● Task:
Output only the lines from the line holding "Een grondige handwas" through the close of the records, exactly as they appear, with all pictures omitted.

Stored dataset items:
-- Opening Marker --

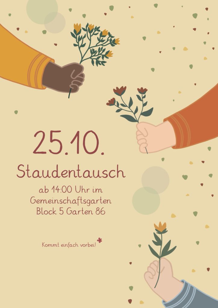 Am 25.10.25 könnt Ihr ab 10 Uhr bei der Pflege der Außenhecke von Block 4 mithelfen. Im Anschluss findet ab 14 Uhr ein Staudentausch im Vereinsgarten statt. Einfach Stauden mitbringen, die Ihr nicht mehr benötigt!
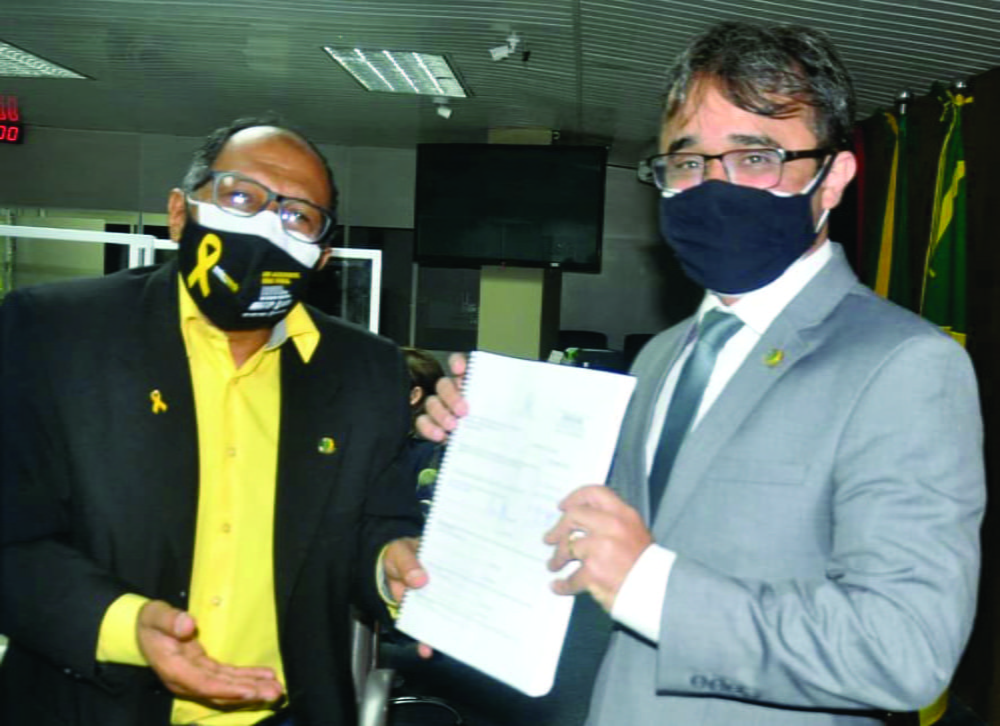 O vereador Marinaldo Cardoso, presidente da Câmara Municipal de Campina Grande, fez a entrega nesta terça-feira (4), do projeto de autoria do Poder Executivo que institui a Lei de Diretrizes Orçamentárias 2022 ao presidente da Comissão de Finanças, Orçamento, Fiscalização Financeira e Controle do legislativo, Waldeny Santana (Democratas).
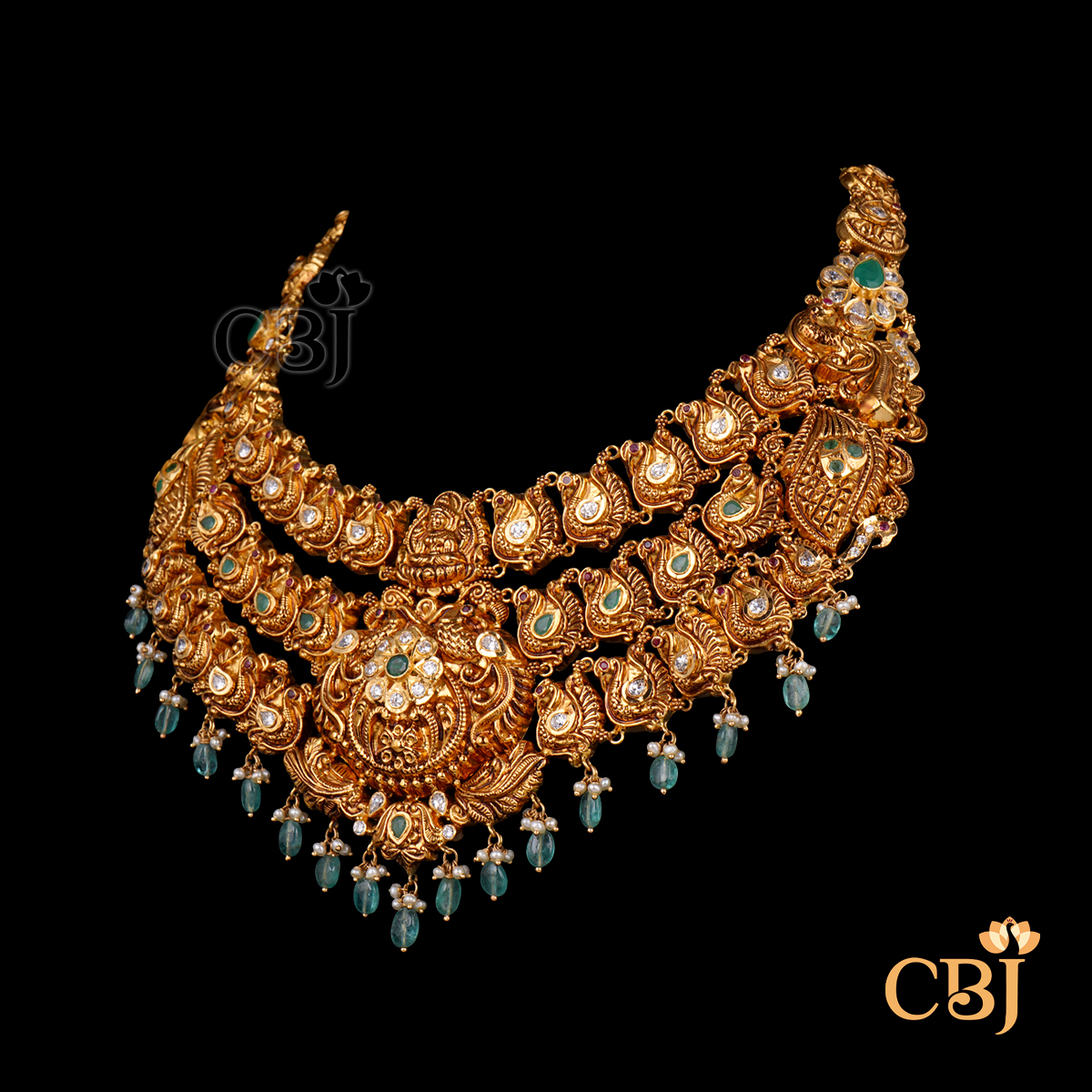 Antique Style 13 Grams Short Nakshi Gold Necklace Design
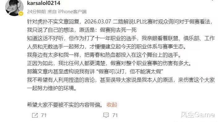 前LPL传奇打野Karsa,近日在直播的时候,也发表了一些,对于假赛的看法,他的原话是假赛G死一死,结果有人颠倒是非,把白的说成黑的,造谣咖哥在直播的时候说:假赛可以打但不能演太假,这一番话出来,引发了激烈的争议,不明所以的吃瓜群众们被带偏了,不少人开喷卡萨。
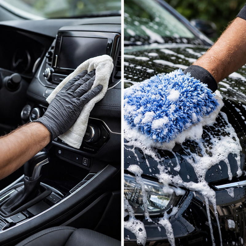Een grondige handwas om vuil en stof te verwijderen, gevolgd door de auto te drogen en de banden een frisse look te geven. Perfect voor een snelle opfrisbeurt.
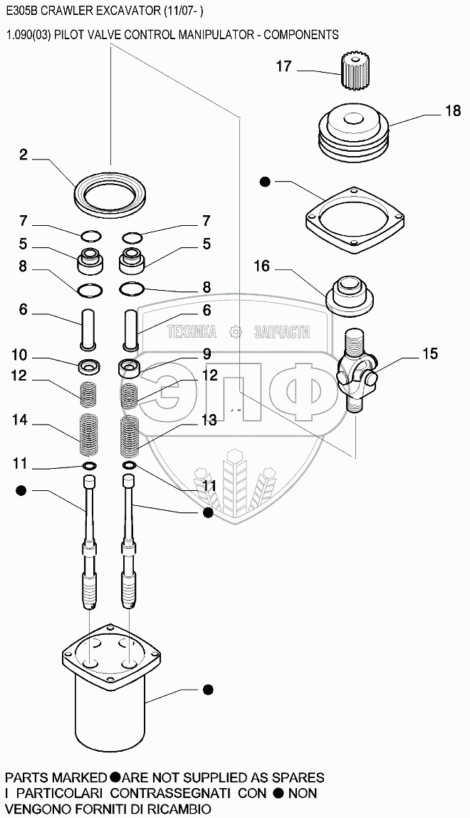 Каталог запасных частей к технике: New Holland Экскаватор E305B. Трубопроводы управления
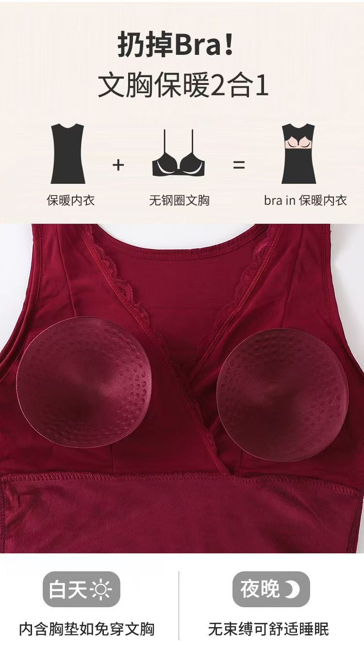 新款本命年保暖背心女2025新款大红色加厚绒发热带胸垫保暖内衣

-- Closing Marker --

● Output for this exercise:
Een grondige handwas om vuil en stof te verwijderen, gevolgd door de auto te drogen en de banden een frisse look te geven. Perfect voor een snelle opfrisbeurt.
 Каталог запасных частей к технике: New Holland Экскаватор E305B. Трубопроводы управления
 新款本命年保暖背心女2025新款大红色加厚绒发热带胸垫保暖内衣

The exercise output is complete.